Real Estate Loan – Understanding the Concept

By: DonaldJennings

Real estate loan (also known as Mortgage) is a concept that centers on borrowing money from financial institutions to purchase a home. People visit financial institutions for a mortgage to finance their choice property while they make an initial deposit for the home, based on its value. An installmental arrangement is worked out between the parties involved in the loan. Usually a monthly / periodic payment is expected from the borrower based on an agreed interest between the financier and the buyer of the property.

The interest rates could be fixed or negotiated for a full tenure loan. The tenure of mortgage and the prevailing market rate determines the amount of interest you pay for your property loan or mortgage as it is also called. Your down-payment can be reduced depending on which medium you are getting the money. If it is through Federal Housing Authority (FHA) and Valuation Authority (VA) loans, your mortgage could be reduce to 5% as down-payment.
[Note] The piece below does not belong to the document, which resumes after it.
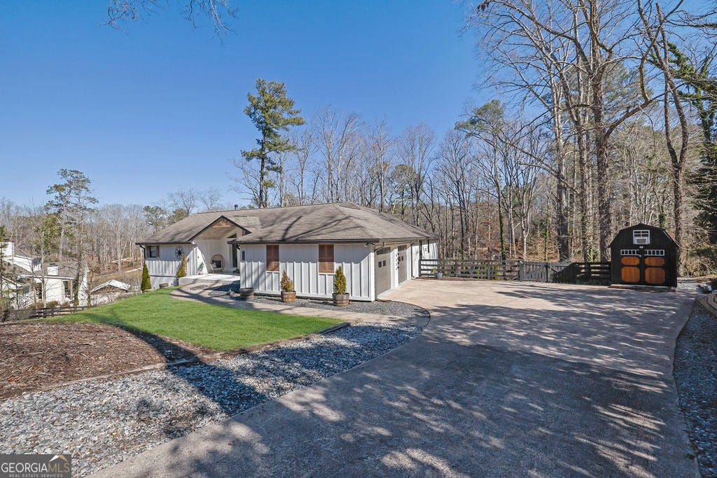 Modern Farmhouse on Over an Acre - A True Retreat Welcome to this stunning 4-bedroom, 3.5-bath modern farmhouse nestled on over an acre of land. From the moment you arrive, you'll feel the warmth and charm of this incredible home. The expansive front porch now rests on a poured concrete foundation, while the rear deck runs the length of the home, featuring a covered area off the dining room perfect for entertaining. Below the deck, enjoy a brick firepit and patio area surrounded by serene landscaping and wooded views, all bordered by a peaceful creek. Step inside to find hardwood floors throughout and renovated baths accented with classic beadboard ceilings. The chef's kitchen is both modern and welcoming, seamlessly connecting to the dining area and great room with handsome wood beams and a gas fireplace with circulation vents. A 10x10 walk-in pantry and mudroom offer space for a refrigerator, freezer, and storage - formerly the laundry room, with plumbing still in place for an easy conversion back to main-level laundry if desired. The finished basement is a home of its own, featuring a fireplace, two living areas, a coffee bar/kitchenette, bedroom and full bath, and a flex space for your gym, theater, or hobby room. Perfect for guests or multi-generational living. Outside, the spacious driveway accommodates 10+ cars, and the front yard magnolia tree and mature landscaping provide natural privacy. The chicken coop and run offer the chance to enjoy fresh eggs or start a new hobby. This property is well-fed, recently inspected, ensuring fresh water with no utility bills. Recent improvements include: Cement siding Newer roof Updated bathrooms Enlarged primary bath and closet Refinished hardwood floors HVAC updates Full interior/exterior repaint This home truly blends modern comfort with farmhouse charm-a perfect private oasis ready to welcome you home. A pre-listing home inspection and roof inspection has been done. Property line goes to the creek. The property has been assessed and a pool can be installed in the backyard. Main level terrace septic is located in the front yard straight out the front door and the terrace level septic is located on the left side (if looking at the home) on the side of the home.

There are also additional costs that are related to the loan such as inspection cost, closing cost, attorney fee, stamp duty e.t.c. It is advisable that you take time out to understand the concept of real estate loan and its associated costs clearly before going for the mortgage. It is an easy to understand concept. One delightful aspect of Mortgage is that a lot of people now own their homes through this concept.

Mortgage as financial instrument has brought happiness to people by making unaffordable homes affordable. Also, property investors uses mortgage for purchasing properties. Real estate loan is not free money and whoever purchase property or has plan to finance property using mortgage must clearly understand the concept of real estate loan.